TEMPLE OF JUPITER FERETRIUS (The Trophy-Bearer).
The first temple built in Rome by Romulus, to receive the spoils captured from Acron, King of Cænina.
"After the procession and sacrifice, Romulus built a small temple, on the top of the Capitoline Hill, to Jupiter, whom the Romans call Feretrius. For the ancient traces of it still remain, of which the longest sides are less than fifteen feet" (Dionysius, ii. 34. See Livy, i. 10).
It was enlarged A.U.C. 121 (Livy, i. 33); and was repaired by Augustus on the advice of Atticus (Nepos. See Livy, iv. 20).
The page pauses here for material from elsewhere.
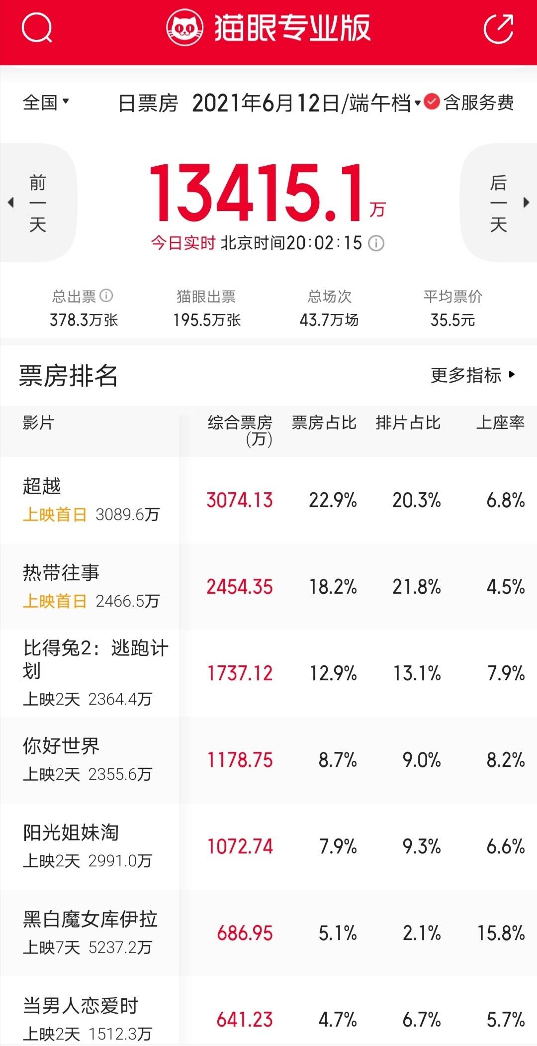 6月12日,端午小长假第一天,作为史上最拥挤的端午档,16部新片并没有提振影市信心,截至当晚8点,电影总票房1.3亿,远低于业内预期。之前有专业机构预测今年端午档的票房将过6亿,按照这个趋势恐难实现。目前当天上映新片票房冠军和亚军分别是《超越》(3149万)和《热带往事》(2519万)。目前口碑最好的是6月11日上映的《比得兔2》(豆瓣7.4分)和《你好世界》(豆瓣7.2分)。
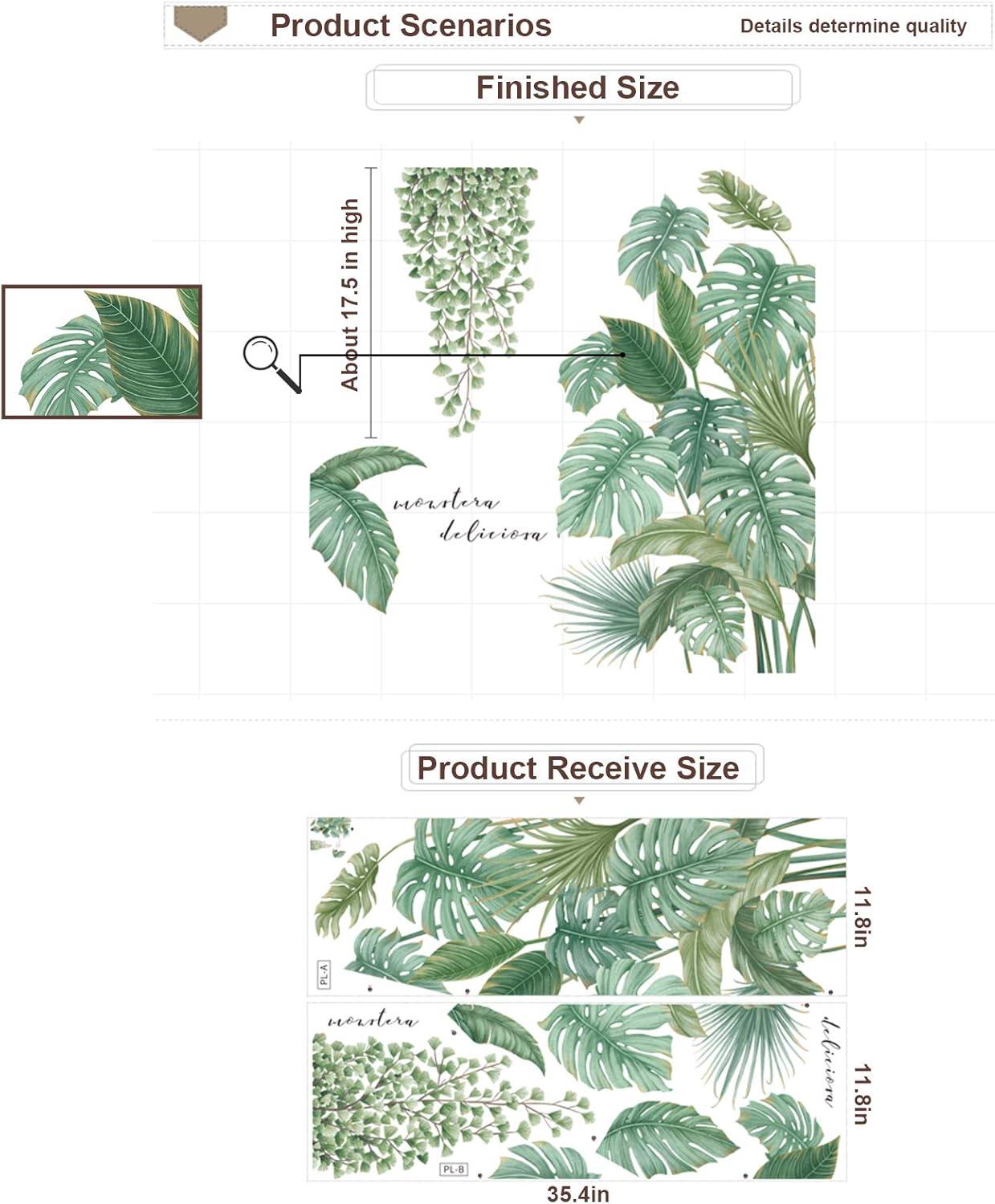 – Beautiful tropical plant wall stickers, print art and modern design into an eye-catching mural. Bright tone and the strongcolor, perfectly decorate your room and experss yourself.

Opposite the gate leading into the garden we can look over the parapet, down the scarped rock, to the base beneath, which is reached from below by taking the Via Tor dei Specchi on the right, looking towards the Capitol, and the Vicolo Rupe Tarpeia on the left. It was here that the terrible scene described in Hawthorne's "Transformation" took place.
The road leads to the New German Archæological Institute. It was about here that the messenger from Veii got into the citadel, and where the Gauls tried to do the same, when the sacred geese in Juno's temple awoke the garrison. The two bronze "geese" shown in the Hall of the Conservators are ducks.
Passing on under the archway, turn to the left; at a little distance the Via Monte Tarpeia turns off to the right—follow this; at the end, the house facing us is built up against the point of the hill used for the public executions.